Most leaders are still asking which AI tool to adopt. The operators in this week's roundtable are well past that. They've adopted the tools. The conversation in the room was about the layer underneath — the scaffolding that turns "we use Claude" into something that compounds rather than slops.

What follows are notes from this week's Executive AI Roundtable discussion, shared under the Chatham House Rule.

Executive AI Roundtable

Conversations like the one behind this essay happen every week. I host a closed-door roundtable for founders and C-level leaders navigating AI strategy — no vendors, no pitches, just operators comparing notes. Attendance has tripled since early April; the next session is at capacity.

Join the Waitlist →

Fight Fire With Fire

The most concrete examples in the room were AI tools built to manage AI's own output.

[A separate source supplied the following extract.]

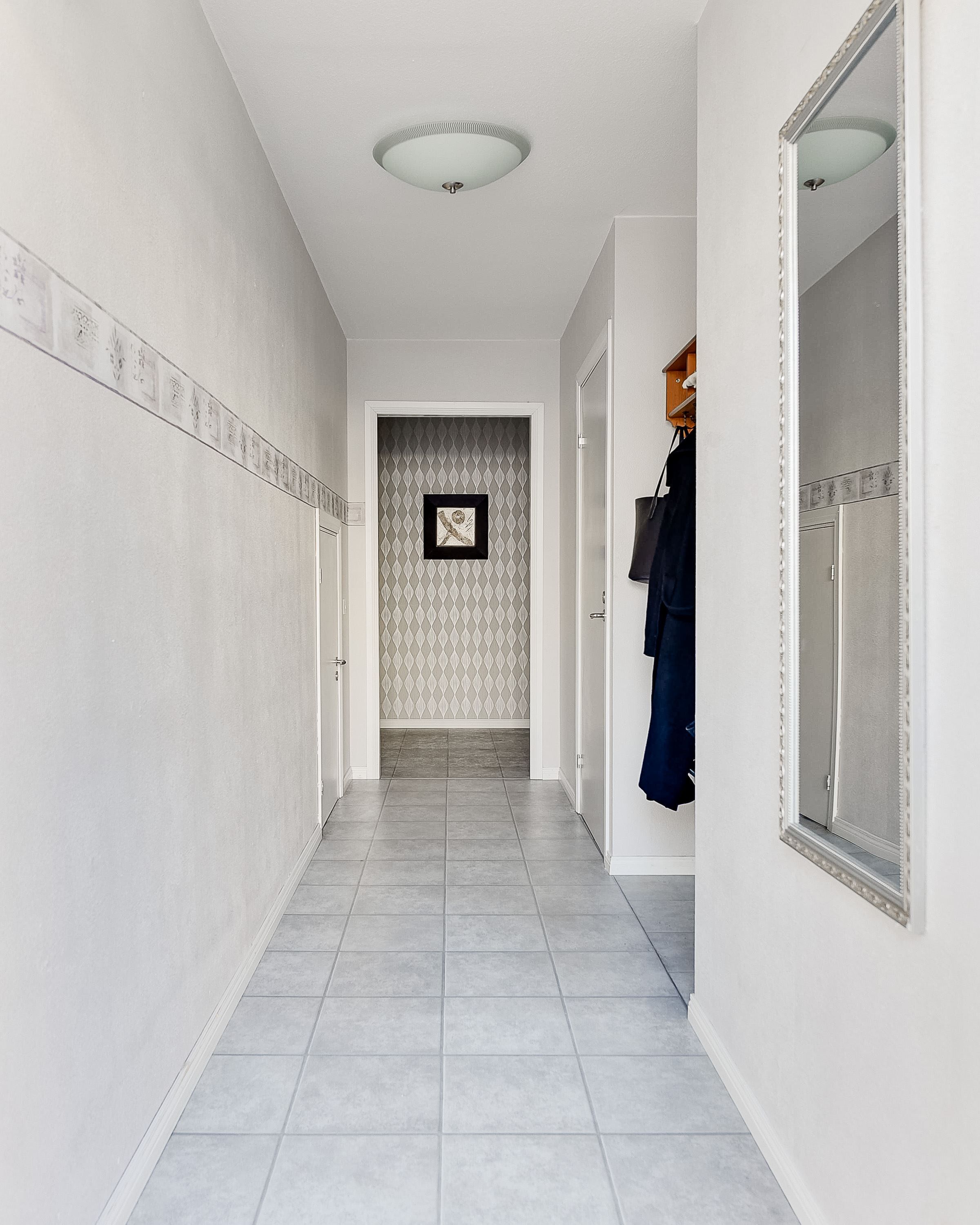 Redan i hallen möts du av ett luftigt intryck, gråmelerat golv som sträcker sig vidare till köket, klädavhängning och en rymlig klädkammare.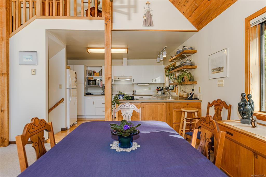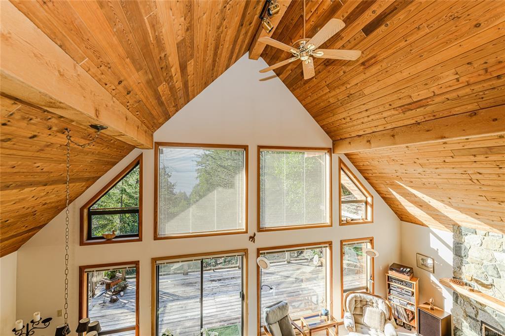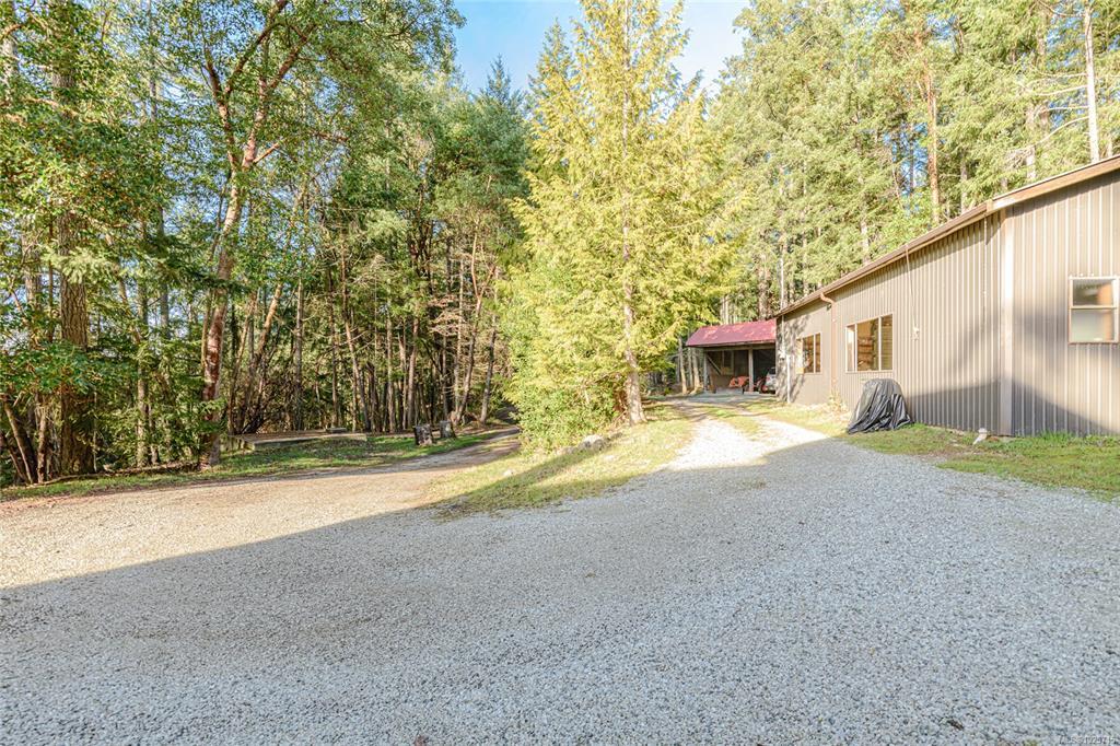 Privately perched on 5+ forested acres, this cherished 3-bedroom, 3-bathroom West Coast home offers a detached 1,200-square-foot workshop and a three-bay carport. Open-concept and well-appointed, this beautifully maintained residence spans over 2,500 square feet and features a bedroom and bathroom on each level. Highlights include a floor-to-ceiling flagstone wood-burning fireplace, soaring tongue-and-groove ceilings extending to the second-story mezzanine, ample storage, cold room space, and corridor ocean views toward Idol Island in Stuart Channel. The workshop is expansive, with multiple windows creating a bright workspace, oversized doors at each end, its own bathroom, and a freestanding wood stove — ideal for keeping the winter chill at bay. Located in a quiet rural setting, the property is surrounded by quality homes on large acreages and offers neighbourhood access to walking trails. Book your appointment to view this special home. Well priced at $1,299,900.

A software-agency lead described a Ruby gem her team built called Wally — named after the Pixar garbage collector. It runs a weekly audit on each codebase, pairs deterministic linters like RuboCop with an LLM triage step, and opens a PR when a refactor or removal is worthwhile. It's all agentic — one agent scans the code and finds opportunities to refactor or remove; another decides whether the finding is worth fixing; a third takes the task and opens the PR.

Another founder runs a code-review bot named Auto. Auto is a Git user. He's a required reviewer on every pull request. A virtual machine pings GitHub every fifteen minutes, picks up any reviews assigned to him, runs the code-reviewer skill in a Claude Code session, and posts the result back. By the time a human sees the PR, the bot has already been through it — either the developer fixed the flagged issues or modified the reviewer skill itself, with a justification, to teach it. The founder's read on the result: their code quality has gotten a lot better, because they invested a lot of time in that defensive AI approach.

He calls it the fight-fire-with-fire approach, and the principle is sharp: AI generates code at volume, and one of its known failure modes is duplicate code — writing brand-new functions for things that already exist in the codebase. Claude Code can search for prior implementations, but there's a limit, and the context window can't hold an entire repo. The answer isn't a smarter generator. It's an equally serious investment in AI code review. The deterministic linter handles patterns it knows; the LLM handles judgment; they argue, then roll up to a final report.

Two-AI consensus catches more than either alone. The pattern generalizes: AI generates dashboards, skills, emails. Each output stream needs a counterpart that audits or dedupes it. If you only build the generation side, the slop accumulates faster than you can clean it — which is exactly why quality engineering is having a renaissance.

Skills All the Way Down

Several attendees were wiring AI into their workflows as composable skills — small, scoped capabilities the AI loads on demand.

A real-estate-software founder described his team's pipeline: ingest sales-call transcripts, extract voice-of-customer phrases tied to specific pain points, generate landing pages tuned to those phrases, then push the pages and matching long-tail keywords into Google and Meta ads. Every step in that pipeline is its own skill. "Skills all the way down." Standardized on Claude. Meta's MCP made the ad-publishing step easy; Google has more friction.

Skills change the cost structure of AI work. Prompts are one-shot; skills persist. You build them once, refine them as you use them, version them in Git, share them across the team. Another founder's infrastructure was just-enough: a virtual machine logged into Claude Code, a cron job that invokes a skill on a schedule, Slack hooks that trigger skills on demand. No "agent platform" required. The skill is the agent. (More on the skill-as-workflow shift.)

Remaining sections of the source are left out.